俺は何をした? 自分の教室の戸を開けただけだ。
俺は何を見た? 小柄な妊婦が体操着に着替えているのを見た...
どうして妊婦が俺の教室に居たんだ?
どうして妊婦は俺の名前を知っているんだ!?
考えが整理できぬまま振り向くと、顔だけが扉からのぞいていた。小山真理子、と言っただろうか。背がとびきり低いことを除けば、それほど印象の強いわけではない、目立たぬ子だ。名前だって、体育で一度隣になったことがなければ(男子で一番背が高い俺の隣に、女子で一番背が低い彼女が来たのだ)名前すら記憶できていたか怪しいところだ。休み時間も、自分の席に座って本を読んでいて...まさかこんな明るい声で話すとは思わなかった。
「こやま、さん?」
できるだけ平静を装おうとしたけど、声が上ずってしまって、情けない感じになった。
「真理子、でいいわ。
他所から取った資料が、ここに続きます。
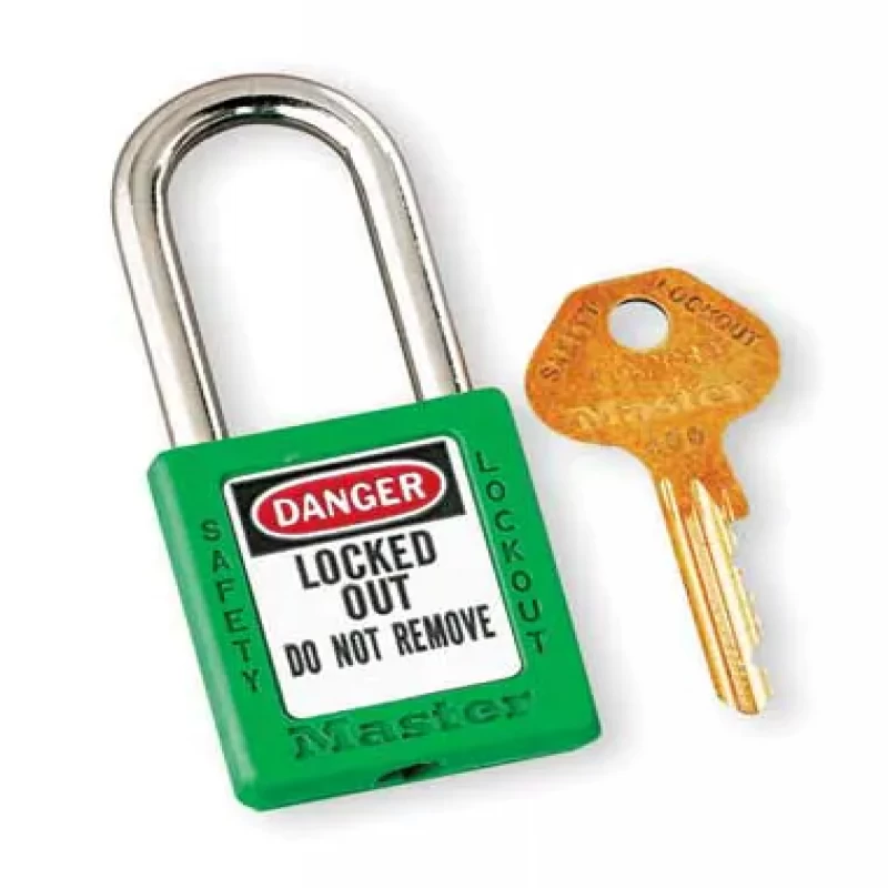 Lockout Padlock, Key Type Alike, Body Material Thermoplastic, Shackle Dia. 1/4 in, Shackle Height 1 1/2 in, Shackle Material Steel, Shackle Width 1/4 in, Body Width 1 1/2 in, Standards OSHA 1910.147, Body Height 1 3/4 in, Body Color Green, Shackle Type Open, Package Quantity 6

ねえ、こっち来て、指、見せてよ。まだ痛むんでしょ?」
「あ...うん」
やはり声の主は、小山さんらしい。教室に二人も居たのだろうか。全然気づかなかった。
「いや、でも...いま、教室入っちゃ、だめでしょ?」
「え? もう大丈夫よ。気にしないから」
「いや...でもさ、さっき...その...妊婦さんがいたし...」
「妊婦さん!? どこに?」
「いや、だから...その教室に...」
「...あ、そういうこと!」
小山さんは大きな声で笑い始め、ドアを閉め、教室の中に入ってしまった。どうも昼までの印象と全然違う。本当にこれは小山さんなんだろうか?
「ひょっとして...おねえさん、とか?」
「違うわ、私よ。私」
扉の向こうから同じ声がする。
「え!? 小山さん...妊娠してるの?」
「んなわけないでしょう! もうちょっと、ちゃんと頭を使ってよ。半日で人が妊娠するわけないでしょ?」
それもそうだ。授業中の小山さんは、どうみても妊婦、という体型じゃなかった。
「さっきの時間は、何の時間?」
「放課後?...下校時間?」
「じゃなくてー」
小山さんの声は、何か面白がっている風だった。少なくとも、怒ってはいないようだ。
「...部活の、時間?」
「そ! 数時間で、妊婦みたいになる可能性のある部活といえば?」
数時間で、妊婦みたいになる可能性? は? なんだそれ!? 相変わらず、思考回路はショートから立ち直っていないらしい。
「『お』から始まるー」
「『お』から始まる!?」
「知らないの? 私、大食い部員よ」
「大食い部!?」
そういえば、そんな部があった気がする。どこで聞いたんだっけ? そうだ。この中学で、どの部が一番強いか、って先輩に聞いて「そりゃあもちろん、大食い部だけど...」って言われたんだ。男子は勝ち目がないっていうし、全然覚えようとしていなかった。
「あ...なるほど?」
「そこは、『あ! なるほど! さすが大食い部!』って言わなきゃ! はい、もう一回!」
「あ、なるほど、さすが大食い部...」
よく分からないこと続きで、完全に相手のペースに乗せられている気がする。
「棒読み!」
ガラッと扉が開いて、腰に手を当てた小山さんの全身が見えた――途端、俺の目は釘付けになった。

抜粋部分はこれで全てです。